Paul Brossier piem at piem.org
Wed Mar 19 19:40:38 CET 2014

On 03/19/2014 10:47 AM, Lukasz Tracewski wrote:
>> Interesting, I just made some tests, and even with a 45 minutes
>> long, scipy is still 3 or 4 times slower. wow, memory is cheap
>> nowadays, and file access is slow. still, loading the entire file
>> in memory is usually *not* the best approach, at least not the one
>>  i prefer. :-)
> Sure, scipy is slower with loading files. What is faster in my case
> is when I load a file into memory and then do scipy filtering on a
> whole sample - and not on frames. I have yet to try the filtering
> that is in aubio, had no clue that such thing existed. Even if I get
>  high-pass filtering working your way, I still need to get whole
> sample into memory I am afraid for other reasons.

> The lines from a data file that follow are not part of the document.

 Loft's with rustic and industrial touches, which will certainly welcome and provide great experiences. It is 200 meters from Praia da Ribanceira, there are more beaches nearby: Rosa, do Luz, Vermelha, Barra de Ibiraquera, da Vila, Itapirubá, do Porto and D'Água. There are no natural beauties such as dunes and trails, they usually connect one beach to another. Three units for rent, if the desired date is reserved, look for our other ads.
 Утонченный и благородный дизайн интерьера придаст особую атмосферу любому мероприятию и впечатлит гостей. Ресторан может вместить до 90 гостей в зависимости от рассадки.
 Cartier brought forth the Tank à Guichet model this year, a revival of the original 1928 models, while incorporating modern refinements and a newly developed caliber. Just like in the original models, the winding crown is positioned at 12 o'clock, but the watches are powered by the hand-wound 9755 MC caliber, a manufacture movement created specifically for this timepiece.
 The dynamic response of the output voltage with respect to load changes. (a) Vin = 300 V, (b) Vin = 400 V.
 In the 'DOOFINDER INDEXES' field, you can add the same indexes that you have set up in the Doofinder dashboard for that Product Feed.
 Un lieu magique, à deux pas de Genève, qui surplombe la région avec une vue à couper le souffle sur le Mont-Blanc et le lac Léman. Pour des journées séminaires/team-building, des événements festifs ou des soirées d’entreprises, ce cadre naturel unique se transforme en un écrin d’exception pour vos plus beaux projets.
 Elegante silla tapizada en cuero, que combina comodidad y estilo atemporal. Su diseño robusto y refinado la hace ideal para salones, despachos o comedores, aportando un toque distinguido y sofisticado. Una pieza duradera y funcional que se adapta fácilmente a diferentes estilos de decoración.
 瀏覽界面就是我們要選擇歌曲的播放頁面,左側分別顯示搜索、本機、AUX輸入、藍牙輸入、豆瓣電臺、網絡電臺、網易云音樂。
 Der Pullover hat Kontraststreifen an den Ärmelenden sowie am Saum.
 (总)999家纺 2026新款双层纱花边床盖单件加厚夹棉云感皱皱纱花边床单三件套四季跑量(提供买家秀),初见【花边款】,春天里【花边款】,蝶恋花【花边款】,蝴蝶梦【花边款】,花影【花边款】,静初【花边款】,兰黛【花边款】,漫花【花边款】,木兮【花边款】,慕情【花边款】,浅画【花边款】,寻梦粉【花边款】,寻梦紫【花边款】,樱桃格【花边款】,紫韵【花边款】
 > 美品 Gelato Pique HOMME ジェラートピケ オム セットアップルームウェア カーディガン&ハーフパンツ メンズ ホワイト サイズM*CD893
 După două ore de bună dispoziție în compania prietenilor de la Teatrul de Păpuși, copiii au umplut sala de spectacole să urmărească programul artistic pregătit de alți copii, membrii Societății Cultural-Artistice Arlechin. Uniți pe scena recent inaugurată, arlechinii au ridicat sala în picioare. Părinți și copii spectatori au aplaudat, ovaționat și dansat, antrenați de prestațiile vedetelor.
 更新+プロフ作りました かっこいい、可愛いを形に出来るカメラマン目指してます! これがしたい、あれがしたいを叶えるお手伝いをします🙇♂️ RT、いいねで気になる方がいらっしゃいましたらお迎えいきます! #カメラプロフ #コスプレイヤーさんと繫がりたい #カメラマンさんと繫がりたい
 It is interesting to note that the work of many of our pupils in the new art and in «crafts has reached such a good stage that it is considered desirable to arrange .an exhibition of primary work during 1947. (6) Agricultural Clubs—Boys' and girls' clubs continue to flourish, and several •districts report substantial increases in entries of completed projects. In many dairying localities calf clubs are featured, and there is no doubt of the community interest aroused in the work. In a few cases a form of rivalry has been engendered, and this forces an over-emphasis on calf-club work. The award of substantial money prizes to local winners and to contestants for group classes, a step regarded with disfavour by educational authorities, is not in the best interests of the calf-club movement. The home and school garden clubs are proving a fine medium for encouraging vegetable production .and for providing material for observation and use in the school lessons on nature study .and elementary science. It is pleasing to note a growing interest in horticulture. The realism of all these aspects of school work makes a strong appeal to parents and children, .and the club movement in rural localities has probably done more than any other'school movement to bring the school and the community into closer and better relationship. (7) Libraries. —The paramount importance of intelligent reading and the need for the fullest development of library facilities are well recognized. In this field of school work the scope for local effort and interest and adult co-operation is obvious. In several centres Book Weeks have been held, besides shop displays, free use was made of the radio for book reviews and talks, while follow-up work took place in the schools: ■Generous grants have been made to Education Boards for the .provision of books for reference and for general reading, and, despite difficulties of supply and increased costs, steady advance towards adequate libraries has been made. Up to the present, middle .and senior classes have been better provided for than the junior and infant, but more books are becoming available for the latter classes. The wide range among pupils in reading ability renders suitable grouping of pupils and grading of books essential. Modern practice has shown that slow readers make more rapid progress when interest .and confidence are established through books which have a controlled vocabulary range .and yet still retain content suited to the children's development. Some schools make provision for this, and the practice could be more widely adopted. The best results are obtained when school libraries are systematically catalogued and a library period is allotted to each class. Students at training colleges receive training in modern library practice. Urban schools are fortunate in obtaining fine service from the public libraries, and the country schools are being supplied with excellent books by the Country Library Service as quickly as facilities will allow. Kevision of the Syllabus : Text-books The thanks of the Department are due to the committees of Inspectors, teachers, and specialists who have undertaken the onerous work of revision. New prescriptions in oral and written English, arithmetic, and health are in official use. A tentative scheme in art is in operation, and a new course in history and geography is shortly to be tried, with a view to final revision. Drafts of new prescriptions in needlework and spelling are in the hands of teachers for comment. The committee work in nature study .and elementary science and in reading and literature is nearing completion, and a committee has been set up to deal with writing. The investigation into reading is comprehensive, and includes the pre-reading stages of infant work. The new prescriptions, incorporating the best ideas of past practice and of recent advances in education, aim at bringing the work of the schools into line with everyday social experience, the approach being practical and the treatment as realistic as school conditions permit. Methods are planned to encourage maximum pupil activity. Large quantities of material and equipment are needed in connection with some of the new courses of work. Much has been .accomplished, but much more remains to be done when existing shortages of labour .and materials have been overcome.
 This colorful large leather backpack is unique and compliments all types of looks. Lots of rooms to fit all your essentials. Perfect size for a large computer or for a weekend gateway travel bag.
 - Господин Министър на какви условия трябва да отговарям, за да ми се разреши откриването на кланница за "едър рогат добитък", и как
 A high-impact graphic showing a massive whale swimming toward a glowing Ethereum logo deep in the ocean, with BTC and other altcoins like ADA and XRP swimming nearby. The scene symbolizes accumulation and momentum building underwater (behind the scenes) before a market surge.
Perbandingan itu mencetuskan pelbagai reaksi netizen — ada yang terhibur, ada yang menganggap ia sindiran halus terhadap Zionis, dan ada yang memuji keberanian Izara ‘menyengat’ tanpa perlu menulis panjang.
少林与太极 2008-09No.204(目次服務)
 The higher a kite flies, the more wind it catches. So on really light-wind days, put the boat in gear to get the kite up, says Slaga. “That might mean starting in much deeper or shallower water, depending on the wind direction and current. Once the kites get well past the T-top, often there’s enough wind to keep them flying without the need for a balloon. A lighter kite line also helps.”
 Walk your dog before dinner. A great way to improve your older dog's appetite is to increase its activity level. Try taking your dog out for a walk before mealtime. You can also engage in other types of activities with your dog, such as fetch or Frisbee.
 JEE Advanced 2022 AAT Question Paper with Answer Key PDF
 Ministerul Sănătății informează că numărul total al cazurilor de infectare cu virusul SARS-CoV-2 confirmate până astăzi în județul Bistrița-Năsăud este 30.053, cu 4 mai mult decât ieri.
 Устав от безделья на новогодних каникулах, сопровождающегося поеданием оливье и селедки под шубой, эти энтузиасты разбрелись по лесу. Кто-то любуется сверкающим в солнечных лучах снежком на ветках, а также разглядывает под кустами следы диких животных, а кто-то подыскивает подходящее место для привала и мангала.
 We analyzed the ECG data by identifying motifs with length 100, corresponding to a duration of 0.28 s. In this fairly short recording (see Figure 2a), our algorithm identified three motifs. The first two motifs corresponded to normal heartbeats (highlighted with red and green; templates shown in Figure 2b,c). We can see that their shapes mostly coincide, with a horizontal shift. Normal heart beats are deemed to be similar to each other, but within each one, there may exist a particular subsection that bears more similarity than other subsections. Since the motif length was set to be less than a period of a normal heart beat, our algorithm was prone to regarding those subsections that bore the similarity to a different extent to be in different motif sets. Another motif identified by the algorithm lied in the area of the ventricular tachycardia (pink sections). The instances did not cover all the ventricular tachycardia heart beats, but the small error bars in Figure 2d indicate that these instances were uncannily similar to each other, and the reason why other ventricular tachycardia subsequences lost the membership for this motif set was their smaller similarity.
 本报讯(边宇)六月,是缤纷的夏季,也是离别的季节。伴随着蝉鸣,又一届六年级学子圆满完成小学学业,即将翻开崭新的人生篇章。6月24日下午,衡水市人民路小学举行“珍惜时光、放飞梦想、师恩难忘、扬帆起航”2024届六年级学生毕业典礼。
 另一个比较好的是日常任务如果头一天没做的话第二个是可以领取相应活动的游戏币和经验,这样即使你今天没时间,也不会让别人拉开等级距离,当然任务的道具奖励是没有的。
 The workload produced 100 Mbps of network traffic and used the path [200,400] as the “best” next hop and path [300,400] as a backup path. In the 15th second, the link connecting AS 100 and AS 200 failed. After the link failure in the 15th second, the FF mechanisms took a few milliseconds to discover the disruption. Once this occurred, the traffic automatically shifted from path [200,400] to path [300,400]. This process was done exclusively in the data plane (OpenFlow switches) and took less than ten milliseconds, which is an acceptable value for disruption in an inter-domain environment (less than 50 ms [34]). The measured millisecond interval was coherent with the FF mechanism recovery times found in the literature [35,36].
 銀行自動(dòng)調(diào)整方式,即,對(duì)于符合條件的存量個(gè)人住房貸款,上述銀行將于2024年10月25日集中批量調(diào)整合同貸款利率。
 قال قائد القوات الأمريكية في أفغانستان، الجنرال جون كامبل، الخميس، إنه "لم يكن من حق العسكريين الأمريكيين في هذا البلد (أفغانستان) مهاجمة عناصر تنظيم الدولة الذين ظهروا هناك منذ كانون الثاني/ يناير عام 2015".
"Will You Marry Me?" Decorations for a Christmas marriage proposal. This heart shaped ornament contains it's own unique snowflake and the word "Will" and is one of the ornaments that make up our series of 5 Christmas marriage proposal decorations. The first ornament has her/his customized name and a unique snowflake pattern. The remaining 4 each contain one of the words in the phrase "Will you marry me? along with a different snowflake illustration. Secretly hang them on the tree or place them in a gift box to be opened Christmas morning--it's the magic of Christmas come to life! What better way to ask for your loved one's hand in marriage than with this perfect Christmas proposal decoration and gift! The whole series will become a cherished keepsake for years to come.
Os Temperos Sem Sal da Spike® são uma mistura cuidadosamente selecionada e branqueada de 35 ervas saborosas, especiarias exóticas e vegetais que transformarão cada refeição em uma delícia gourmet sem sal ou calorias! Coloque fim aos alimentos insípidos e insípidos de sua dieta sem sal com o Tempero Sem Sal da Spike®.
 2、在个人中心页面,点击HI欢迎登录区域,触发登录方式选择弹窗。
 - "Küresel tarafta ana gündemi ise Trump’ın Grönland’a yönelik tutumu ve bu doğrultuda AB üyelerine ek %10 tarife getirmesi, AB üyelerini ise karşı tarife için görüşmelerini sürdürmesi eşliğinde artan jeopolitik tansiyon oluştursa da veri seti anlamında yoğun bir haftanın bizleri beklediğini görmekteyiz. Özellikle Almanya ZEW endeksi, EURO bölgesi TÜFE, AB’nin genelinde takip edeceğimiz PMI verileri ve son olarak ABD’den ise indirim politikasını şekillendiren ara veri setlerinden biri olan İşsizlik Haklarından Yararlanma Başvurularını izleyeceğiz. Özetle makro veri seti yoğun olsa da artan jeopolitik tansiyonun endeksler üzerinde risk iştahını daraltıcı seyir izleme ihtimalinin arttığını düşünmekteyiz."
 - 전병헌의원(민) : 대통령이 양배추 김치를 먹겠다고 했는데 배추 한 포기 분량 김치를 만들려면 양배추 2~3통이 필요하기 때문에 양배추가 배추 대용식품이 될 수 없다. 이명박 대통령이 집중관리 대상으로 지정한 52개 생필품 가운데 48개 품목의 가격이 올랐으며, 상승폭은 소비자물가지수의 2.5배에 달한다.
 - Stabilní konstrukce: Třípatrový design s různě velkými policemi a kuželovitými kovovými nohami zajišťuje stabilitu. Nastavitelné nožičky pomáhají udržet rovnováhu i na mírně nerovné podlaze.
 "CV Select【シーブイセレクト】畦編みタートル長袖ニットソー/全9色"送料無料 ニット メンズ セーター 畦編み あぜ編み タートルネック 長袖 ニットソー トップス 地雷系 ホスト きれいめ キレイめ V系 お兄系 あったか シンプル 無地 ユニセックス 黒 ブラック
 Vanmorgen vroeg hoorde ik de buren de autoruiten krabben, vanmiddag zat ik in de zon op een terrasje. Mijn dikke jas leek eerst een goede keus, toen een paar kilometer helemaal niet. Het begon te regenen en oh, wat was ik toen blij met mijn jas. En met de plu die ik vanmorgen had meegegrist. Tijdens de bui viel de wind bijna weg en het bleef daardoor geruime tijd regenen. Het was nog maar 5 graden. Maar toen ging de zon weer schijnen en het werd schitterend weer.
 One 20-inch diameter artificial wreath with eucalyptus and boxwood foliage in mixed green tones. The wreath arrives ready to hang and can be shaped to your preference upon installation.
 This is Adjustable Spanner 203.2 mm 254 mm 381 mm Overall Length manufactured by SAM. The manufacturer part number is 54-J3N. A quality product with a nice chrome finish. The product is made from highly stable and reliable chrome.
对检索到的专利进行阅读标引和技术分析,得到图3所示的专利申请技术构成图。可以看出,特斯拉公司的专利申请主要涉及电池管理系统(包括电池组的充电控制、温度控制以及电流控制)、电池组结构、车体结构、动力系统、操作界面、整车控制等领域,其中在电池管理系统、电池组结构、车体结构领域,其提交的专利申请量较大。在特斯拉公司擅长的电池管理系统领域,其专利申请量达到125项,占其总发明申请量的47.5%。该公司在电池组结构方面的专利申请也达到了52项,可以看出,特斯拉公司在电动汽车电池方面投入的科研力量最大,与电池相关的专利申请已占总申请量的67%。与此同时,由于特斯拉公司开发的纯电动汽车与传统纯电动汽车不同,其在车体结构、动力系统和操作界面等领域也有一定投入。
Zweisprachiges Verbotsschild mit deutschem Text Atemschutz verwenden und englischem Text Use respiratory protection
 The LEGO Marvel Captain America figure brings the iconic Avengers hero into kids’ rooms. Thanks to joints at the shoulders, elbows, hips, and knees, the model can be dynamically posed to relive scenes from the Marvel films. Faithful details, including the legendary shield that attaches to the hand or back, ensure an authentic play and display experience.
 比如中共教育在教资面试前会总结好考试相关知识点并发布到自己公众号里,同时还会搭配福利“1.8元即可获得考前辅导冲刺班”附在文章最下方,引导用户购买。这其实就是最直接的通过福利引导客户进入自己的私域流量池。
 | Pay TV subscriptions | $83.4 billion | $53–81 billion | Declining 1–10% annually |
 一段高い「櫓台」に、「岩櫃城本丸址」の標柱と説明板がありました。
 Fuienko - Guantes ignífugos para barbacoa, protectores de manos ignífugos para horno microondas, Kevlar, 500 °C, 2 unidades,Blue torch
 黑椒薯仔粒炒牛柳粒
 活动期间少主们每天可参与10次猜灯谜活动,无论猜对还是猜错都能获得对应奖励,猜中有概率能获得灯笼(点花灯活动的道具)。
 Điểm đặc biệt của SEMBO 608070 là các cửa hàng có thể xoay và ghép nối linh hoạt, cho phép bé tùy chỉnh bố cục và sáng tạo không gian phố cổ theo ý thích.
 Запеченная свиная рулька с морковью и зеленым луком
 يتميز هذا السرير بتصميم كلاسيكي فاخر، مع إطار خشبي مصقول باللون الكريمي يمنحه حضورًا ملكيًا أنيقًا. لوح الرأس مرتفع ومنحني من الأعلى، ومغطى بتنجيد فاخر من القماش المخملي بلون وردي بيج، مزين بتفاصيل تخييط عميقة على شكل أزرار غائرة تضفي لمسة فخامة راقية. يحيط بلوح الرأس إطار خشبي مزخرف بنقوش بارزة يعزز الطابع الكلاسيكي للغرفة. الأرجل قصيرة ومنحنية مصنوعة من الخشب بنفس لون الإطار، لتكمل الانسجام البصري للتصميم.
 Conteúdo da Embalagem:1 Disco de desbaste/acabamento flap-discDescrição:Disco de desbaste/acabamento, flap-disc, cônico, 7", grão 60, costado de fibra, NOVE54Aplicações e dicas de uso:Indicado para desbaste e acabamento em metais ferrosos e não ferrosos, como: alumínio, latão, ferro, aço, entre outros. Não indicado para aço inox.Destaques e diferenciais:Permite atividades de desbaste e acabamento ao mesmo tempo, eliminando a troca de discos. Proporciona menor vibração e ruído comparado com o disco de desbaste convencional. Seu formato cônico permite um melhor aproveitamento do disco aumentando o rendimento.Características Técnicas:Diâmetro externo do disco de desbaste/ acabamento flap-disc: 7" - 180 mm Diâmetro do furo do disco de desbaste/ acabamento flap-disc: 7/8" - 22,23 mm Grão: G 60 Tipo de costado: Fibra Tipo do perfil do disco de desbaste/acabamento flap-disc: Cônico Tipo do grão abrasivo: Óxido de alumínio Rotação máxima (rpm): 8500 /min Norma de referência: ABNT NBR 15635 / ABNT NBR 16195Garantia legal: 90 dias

Sorry, I meant to write 'aubio is slower'! not easy for me to write that :)

> One of crucial steps in my case is noise reduction by spectral
> subtraction. I use aubio onsets to find potential animals' calls.
> Once they are identified, I can also tell which regions are
> noise-only, analyse their spectral content and then subtract the
> noise from the whole sample. As you can see in this case having
> complete file in memory cannot be avoided (or rather trying to do so
>  would increase complexity and reduce effectiveness of the method -
> what if noise-only region is only at the end of the sample?).

makes perfect sense.

>> why do you need this hstack line? you could use
>> aubio.digital_filter and use the highpassed_samples directly.
> The hstack is to get complete sample into memory by concatenating
> frames read by "source". Reason for this I have just explained above.
> Is there a smarter way of doing this?

no, but as you already figured out, loading the entire file once is the
most efficient in your case.

> Anyway, thanks for the tip with using filters! Indeed an example in
> Python would be welcomed to make people more aware of this nice
> feature. The filter coefficients can be easily produced by
> scipy.signal module.

i'll add some simple examples to compute common filter types
coefficients too.

>> that's great, i love thinking these lines of code can help a bit!
> The project is to support efforts in kiwi protection, famous
> flightless bird from New Zealand. We count their calls (and also
> determine gender) in each file and use this information to understand
> ecosystem health and how well protection efforts are working. As you
> can imagine finding that there is *something* worth interest in a
> recording is crucial: if there are too many false positives, then
> noise reduction by spectral subtraction becomes inefficient. The
> other way risk is even greater: if bird call goes undetected, then it
> will be included in noise-only regions and then subtracted from a
> whole sample, effectively eliminating many possible candidates.
> Processing time becomes important when there are truly many sample.
> As mentioned before, there are 10000 hours of recordings. To get them
> identified we will probably buy time on Amazon Web Services EC2
> compute-optimized instance (something with 32 virtual CPUs). Time is
> money in this case, so keeping it short is crucial.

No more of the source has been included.